Re: Initdb-time block size specification

From: Tomas Vondra <tomas(dot)vondra(at)enterprisedb(dot)com>
To: Andres Freund <andres(at)anarazel(dot)de>, Bruce Momjian <bruce(at)momjian(dot)us>
Cc: David Christensen <david(dot)christensen(at)crunchydata(dot)com>, PostgreSQL-development <pgsql-hackers(at)postgresql(dot)org>, Stephen Frost <sfrost(at)snowman(dot)net>
Subject: Re: Initdb-time block size specification
Date: 2023-06-30 23:13:31
Message-ID: c356e5b7-ab37-845f-04cb-1f5649a9c673@enterprisedb.com
Views: Raw Message | Whole Thread | Download mbox | Resend email
Thread:
Lists: pgsql-hackers

On 7/1/23 00:59, Andres Freund wrote:
> On 2023-06-30 18:37:39 -0400, Bruce Momjian wrote:
>> On Sat, Jul 1, 2023 at 12:21:03AM +0200, Tomas Vondra wrote:
>>> On 6/30/23 23:53, Bruce Momjian wrote:
>>>> For a 4kB write, to say it is not partially written would be to require
>>>> the operating system to guarantee that the 4kB write is not split into
>>>> smaller writes which might each be atomic because smaller atomic writes
>>>> would not help us.
>>>
>>> Right, that's the dance we do to protect against torn pages.

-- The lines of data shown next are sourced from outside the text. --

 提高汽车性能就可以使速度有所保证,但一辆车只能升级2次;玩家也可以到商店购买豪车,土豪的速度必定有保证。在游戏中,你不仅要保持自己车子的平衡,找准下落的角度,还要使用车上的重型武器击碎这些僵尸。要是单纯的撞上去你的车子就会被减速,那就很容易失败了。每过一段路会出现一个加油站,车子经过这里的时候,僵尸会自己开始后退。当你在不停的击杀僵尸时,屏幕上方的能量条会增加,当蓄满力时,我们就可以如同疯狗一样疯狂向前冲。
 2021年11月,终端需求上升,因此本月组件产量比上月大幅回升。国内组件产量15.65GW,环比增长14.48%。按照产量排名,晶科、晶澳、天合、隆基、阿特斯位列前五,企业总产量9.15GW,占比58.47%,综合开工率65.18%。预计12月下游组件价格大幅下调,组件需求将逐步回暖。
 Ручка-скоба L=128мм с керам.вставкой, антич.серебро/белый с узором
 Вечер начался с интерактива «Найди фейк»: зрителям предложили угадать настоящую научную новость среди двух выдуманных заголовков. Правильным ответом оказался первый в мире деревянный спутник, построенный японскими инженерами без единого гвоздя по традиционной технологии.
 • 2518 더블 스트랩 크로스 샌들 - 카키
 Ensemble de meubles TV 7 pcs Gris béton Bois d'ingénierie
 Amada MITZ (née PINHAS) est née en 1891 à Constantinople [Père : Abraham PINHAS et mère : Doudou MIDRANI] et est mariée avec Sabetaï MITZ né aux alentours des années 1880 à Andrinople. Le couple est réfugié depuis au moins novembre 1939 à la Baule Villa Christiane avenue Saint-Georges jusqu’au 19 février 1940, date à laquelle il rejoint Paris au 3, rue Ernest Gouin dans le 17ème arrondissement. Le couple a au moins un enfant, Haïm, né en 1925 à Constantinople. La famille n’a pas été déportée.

But Andres
>>> suggested that if you have modern storage and configure it correctly,
>>> writing with 4kB pages would be atomic. So we wouldn't need to do this
>>> FPI stuff, eliminating pretty significant source of write amplification.
>>
>> I agree the hardware is atomic for 4k writes, but do we know the OS
>> always issues 4k writes?
>
> When using a sector size of 4K you *can't* make smaller writes via normal
> paths. The addressing unit is in sectors. The details obviously differ between
> storage protocol, but you pretty much always just specify a start sector and a
> number of sectors to be operated on.
>
> Obviously the kernel could read 4k, modify 512 bytes in-memory, and then write
> 4k back, but that shouldn't be a danger here. There might also be debug
> interfaces to allow reading/writing in different increments, but that'd not be
> something happening during normal operation.

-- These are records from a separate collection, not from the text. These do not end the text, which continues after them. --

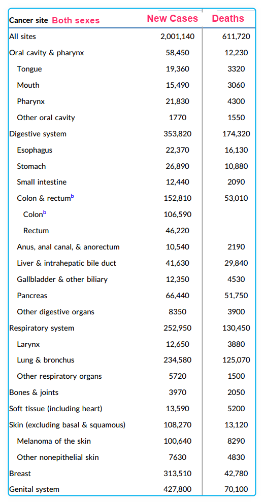 Each year, the American Cancer Society estimates the numbers of new cancer cases and deaths in the United States and compiles the most recent data on population- based cancer occurrence and outcomes using incidence data collected by central cancer registries (through 2020) and mortality data collected by the National Center for Health Statistics (through 2021). In 2024, 2,001,140 new cancer cases and 611,720 cancer deaths are projected to occur in the United States. Cancer mortality continued to decline through 2021, averting over 4 million deaths since 1991 because of reductions in smoking, earlier detection for some cancers, and improved treatment options in both the adjuvant and metastatic settings. However, these gains are threatened by increasing incidence for 6 of the top 10 cancers.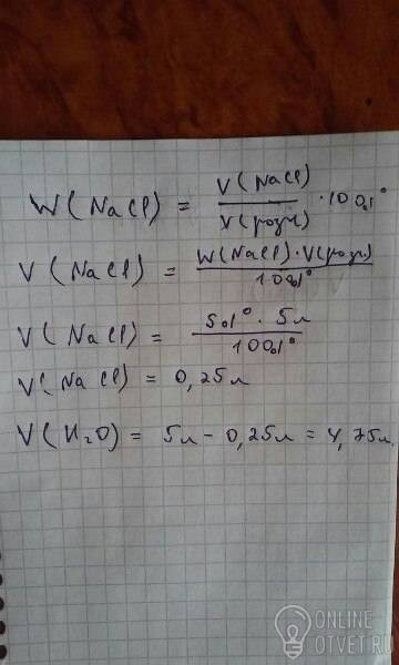 В 5 л розчину міститься обєм води і натрій хлор .тобто потрібно знайти обєм води і натрій хлор.за формулою знаходимо обєм натрій хлор і щоб знайти обєм води віднімаєм від обєму розчину масу натрій хлор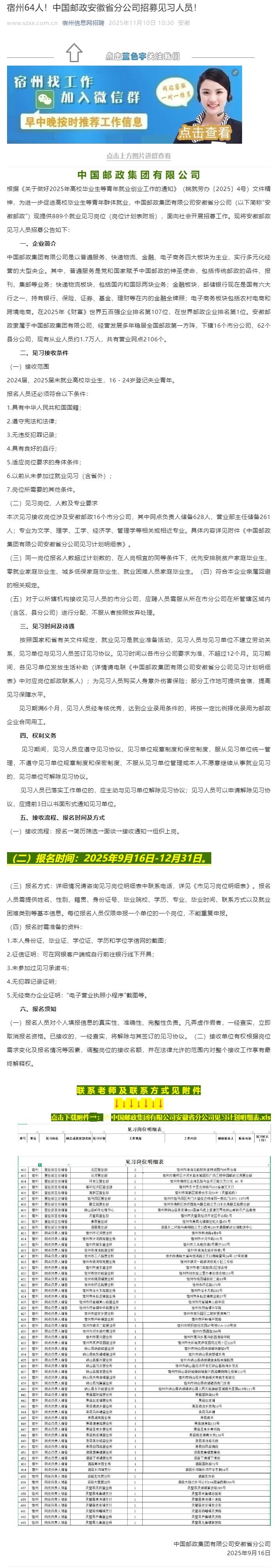 宿州64人!中国宿州64邮政安徽省分公司邮政安徽招募见习人员!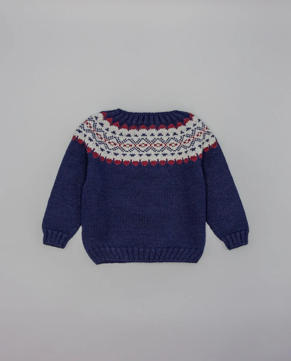 Свитер темно-синего цвета с узором в кремовых и бордовых тонах. Выполнен бесшовным способом для большего комфорта. Отделка горловины, манжет и низа выполнена в рубчик. Идеально подходит для холодных дней. Доступен в размерах от 3 месяцев до 12 лет.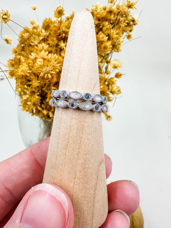 keychain with wedding flowers and leila ring with breastmilk and birthstones

I think it's important to point out that there's a physical and logical
sector size. The "physical" is what the drive does internally, "logical"
defines what OS does.

Some drives have 4k physical sectors but only 512B logical sectors.
AFAIK most "old" SATA SSDs do it that way, for compatibility reasons.

New drives may have 4k physical sectors but typically support both 512B
and 4k logical sectors - my nvme SSDs do this, for example.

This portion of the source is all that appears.